Ok, so barrel stove is going to be a go. Buddy has a line on Stainless barrel's...Anyone have any reason to NOT use a stainless barrel? I cant forsee a problem, but want to ask.


----------



## palmrose2 (Nov 26, 2014)

I imagine that stainless barrels, like stainless exhausts, will last a long long time.


----------



## redfin (Nov 26, 2014)

If you are burning directly on top of the sand how do you sort the sand and ashes?


----------



## Whitespider (Nov 26, 2014)

redfin said:


> _*...burning directly on top of the sand how do you sort the sand and ashes?*_


_*LOL*_
You're over-thinkin' it. A 55 gallon drum is pretty big, holds a ton of ashes... it ain't like ya' gotta' clean it out spick 'n' span.
Heck, after two or three months ya' just scoop some of them out... if ya' do scoop a bit too deep and hook a little sand, so what??
*


----------



## redfin (Nov 26, 2014)

Gotcha, I'm used to emptying my ash drawer every day.


----------



## Homelite410 (Nov 26, 2014)

Insurance lady said no flame in my garage so here is what I did and they underwrote it!
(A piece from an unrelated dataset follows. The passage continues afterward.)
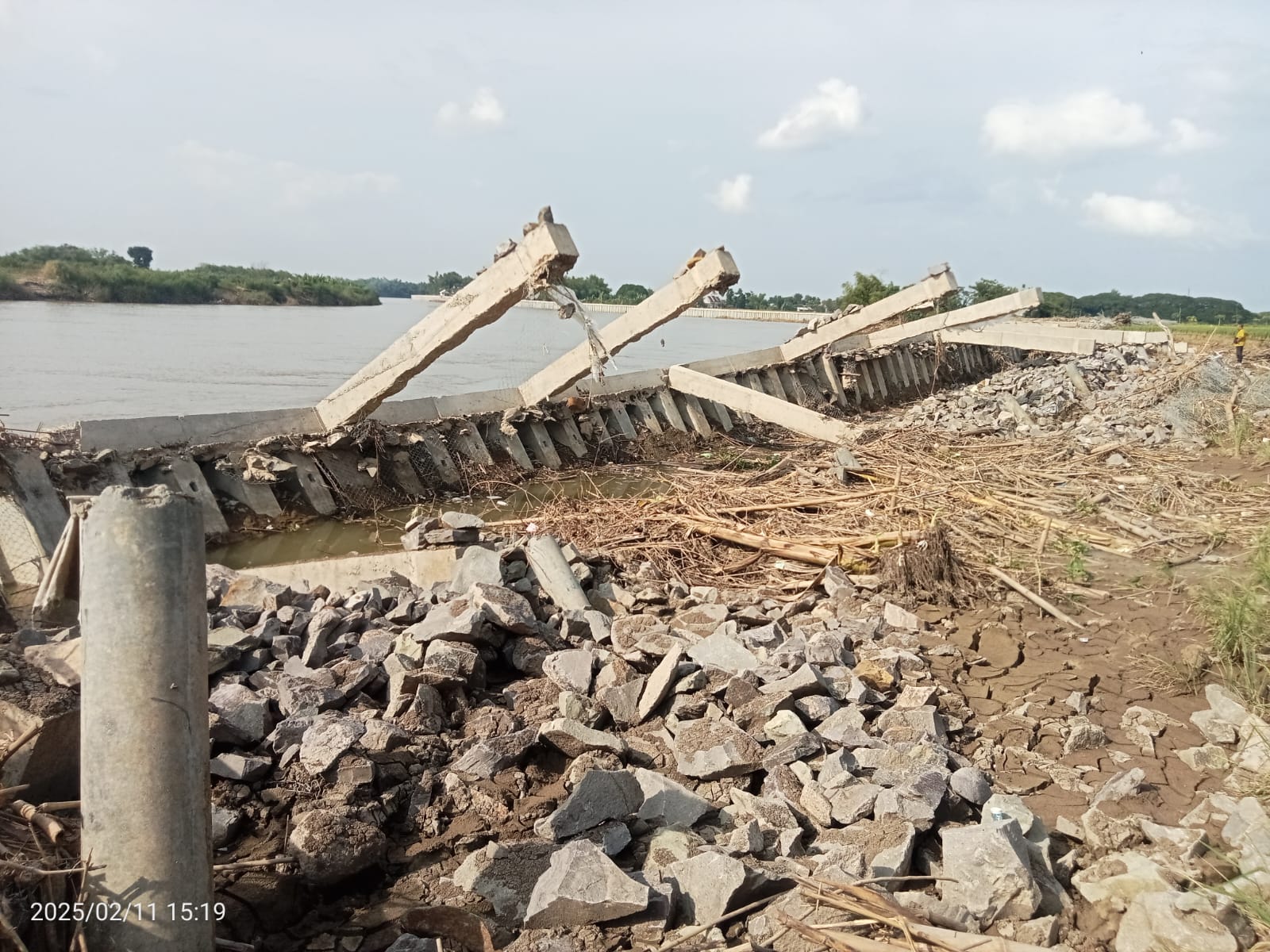 “Dari panjang total yang sleding kurang lebih 10%, sejak di foto yg di tayang media itu sudah di lakukan tindakan pengamanan matrial, seperti bronjong kita angkat, pemeliharaan kita hentikan sementara karena nunggu masa panen, cuaca dan kondiai tanah untuk alat berat blm memungkinkan, pemborong sudah siap perbaikan sesuai jastek, dukungan pabrikan terkait beton dan alat berat sudah ada, dan di lokasi masih stanbay 2 alat exca yg di parkir dekat kantor direksi. Ini masa pemeliharaan 1th untuk perbaikan kita batasi 150 hr selesai sesuai kondisi cuaca ( banjir/ air bengawan tinggi),” tulis Iwan di WhatsApp.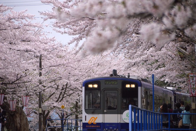 そして、能登鹿島駅。手入れの行き届いた、年季のある立派な桜が、ホームをトンネルのように包み込む。既に日が落ちてしまったのは残念ですが、桜もちょうど見頃です。もっと早い時間に来ればよかったな。

Its an add on furnace shielded by the oil barrel and pipe is 6" 12ga wall.


----------



## Sawyer Rob (Nov 26, 2014)

I don't think I'd want wood pallets under it like that! One spark just wrong and end of garage... Don't you have some cement blocks??

SR


----------



## Whitespider (Nov 26, 2014)

Homelite410 said:


> _*Insurance lady said no... so here is what I did...*_


_*L-O-L ‼*_
Ya' just gotta' love American ingenuity.
That looks just like somethin' I'd do... and be proud of it, ain't we??
*


----------



## Homelite410 (Nov 26, 2014)

Sawyer Rob said:


> I don't think I'd want wood pallets under it like that! One spark just wrong and end of garage... Don't you have some cement blocks??
> 
> SR


Prolly should... Been that way for 4 years!


Whitespider said:


> _*L-O-L ‼*_
> Ya' just gotta' love American ingenuity.
> That looks just like somethin' I'd do... and be proud of it, ain't we??
> *


Its temporary.......... 4 years ago....... I love it! And I burn the heck out of cottonwood cookies!!


----------



## Whitespider (Nov 26, 2014)

Homelite410 said:


> _*Its temporary.......... 4 years ago.......*_


Four years?? That's nothin'... LOL... I've got 20-year-old temporary stuff‼
*


----------



## tla100 (Nov 26, 2014)

I would just buy some firebrick. I see it every time I go into Bomgaars where I bought my stove. It is a small hardware store chain for those that don't live in NW Iowa. I think a box runs $10-15 if that. I should check. I had a couple bricks on my stove start to deteriorate after a year but just flipped em upside down.


----------



## Sawyer Rob (Nov 26, 2014)

I always just left some ashes in the bottom of mine, that insulates the bottom just fine...

SR


----------



## Whitespider (Nov 27, 2014)

Sawyer Rob said:


> _*I always just left some ashes in the bottom of mine, that insulates the bottom just fine...*_


Yeah, that will work, but there's a problem if it isn't being used regular... especially in a shop, shed or whatnot. Ash is hygroscopic, it draws moisture from the atmosphere, and damp ashes are highly corrosive (the potassium carbonate becomes potassium hydroxide... or lye). The sand in the bottom does more than insulate from fire, it also insulates from caustic corrosion.
*


----------



## AIM (Nov 27, 2014)

I installed one in my shop in town and really like it. I did the 2 barrel design. For what it's worth. You don't just slap one of these together in an hour. I think it took me like 6 hours to build the stupid thing.


----------



## Chris-PA (Nov 27, 2014)

ChipMonger said:


> Ok, so barrel stove is going to be a go. Buddy has a line on Stainless barrel's...Anyone have any reason to NOT use a stainless barrel? I cant forsee a problem, but want to ask.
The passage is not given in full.